What the exercise asks: An exact copy of the data below is needed; please leave out any pictures.

Information provided:
§ §

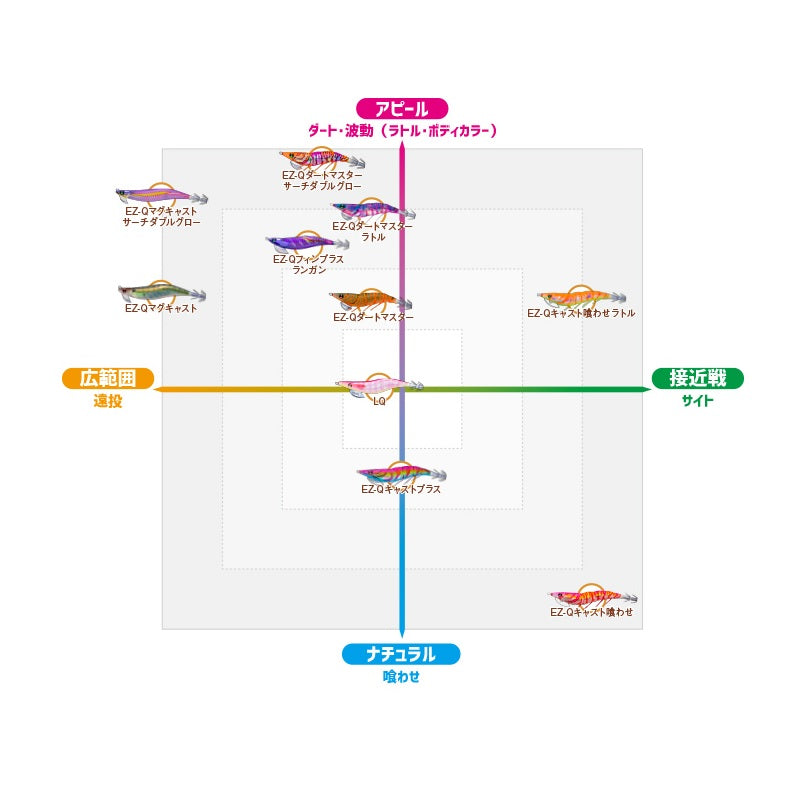 ※紫外線が届きにくい濁り潮の状況でも、ボディ本体のチャート系カラーがアピール効果を増加させイカをしっかり寄せます。
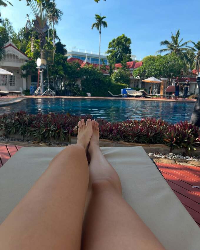 さらに、プールサイドのデッキチェアーでくつろぐ様子や室内で腕を組んだ写真、白のタンクトップ姿で鏡を使って自撮りした写真などを投稿。
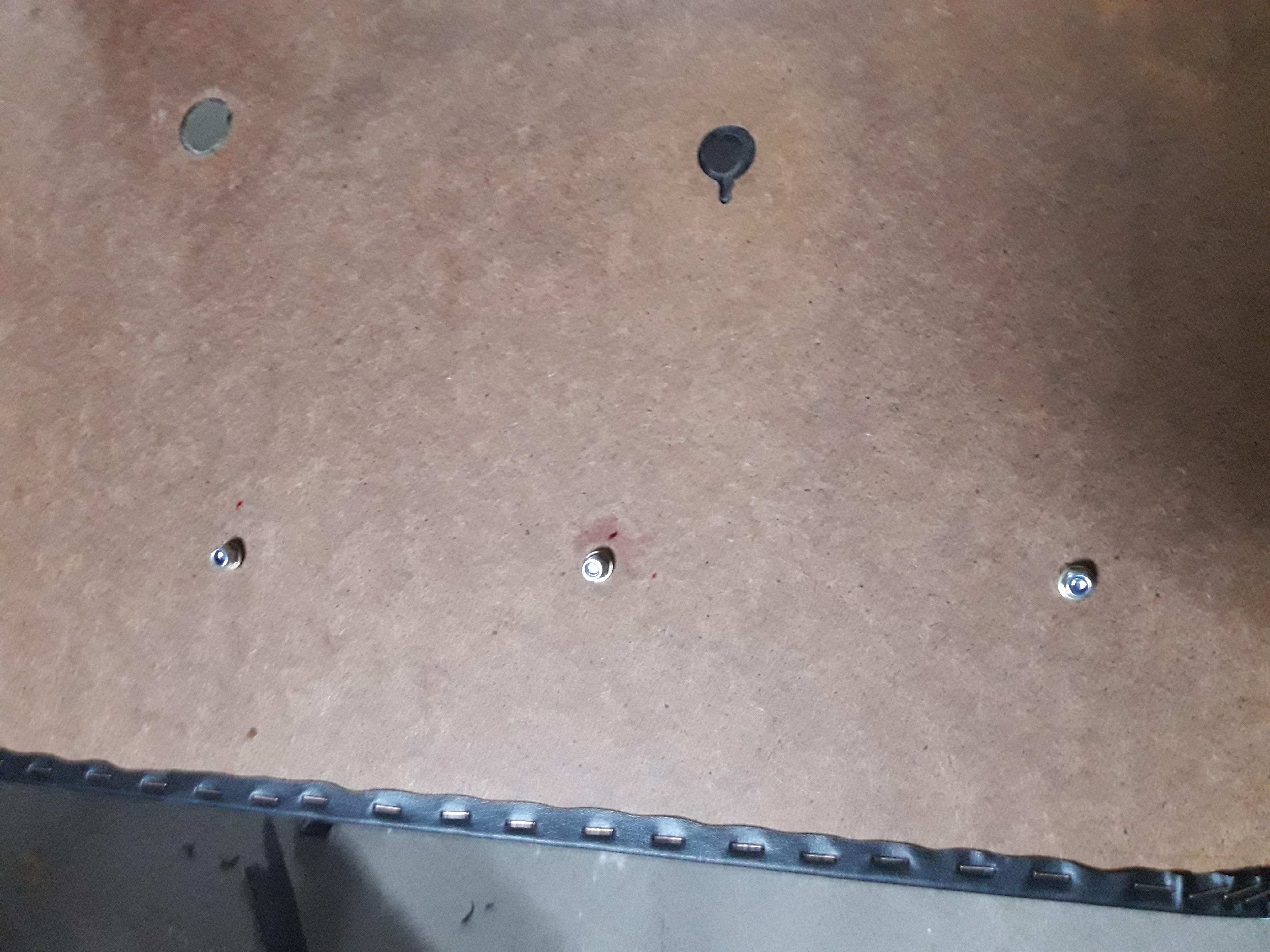 En los de debajo, las tuercas que van por el interior van a pegar en la chapa de la puerta, asi que hay que marcar el sitio donde tocan y hacer un agujero para que las tuercas se cuelen dentro y el revestimiento quede a paño de la chapa.

§ §

Written solution:
 ※紫外線が届きにくい濁り潮の状況でも、ボディ本体のチャート系カラーがアピール効果を増加させイカをしっかり寄せます。
 さらに、プールサイドのデッキチェアーでくつろぐ様子や室内で腕を組んだ写真、白のタンクトップ姿で鏡を使って自撮りした写真などを投稿。
 En los de debajo, las tuercas que van por el interior van a pegar en la chapa de la puerta, asi que hay que marcar el sitio donde tocan y hacer un agujero para que las tuercas se cuelen dentro y el revestimiento quede a paño de la chapa.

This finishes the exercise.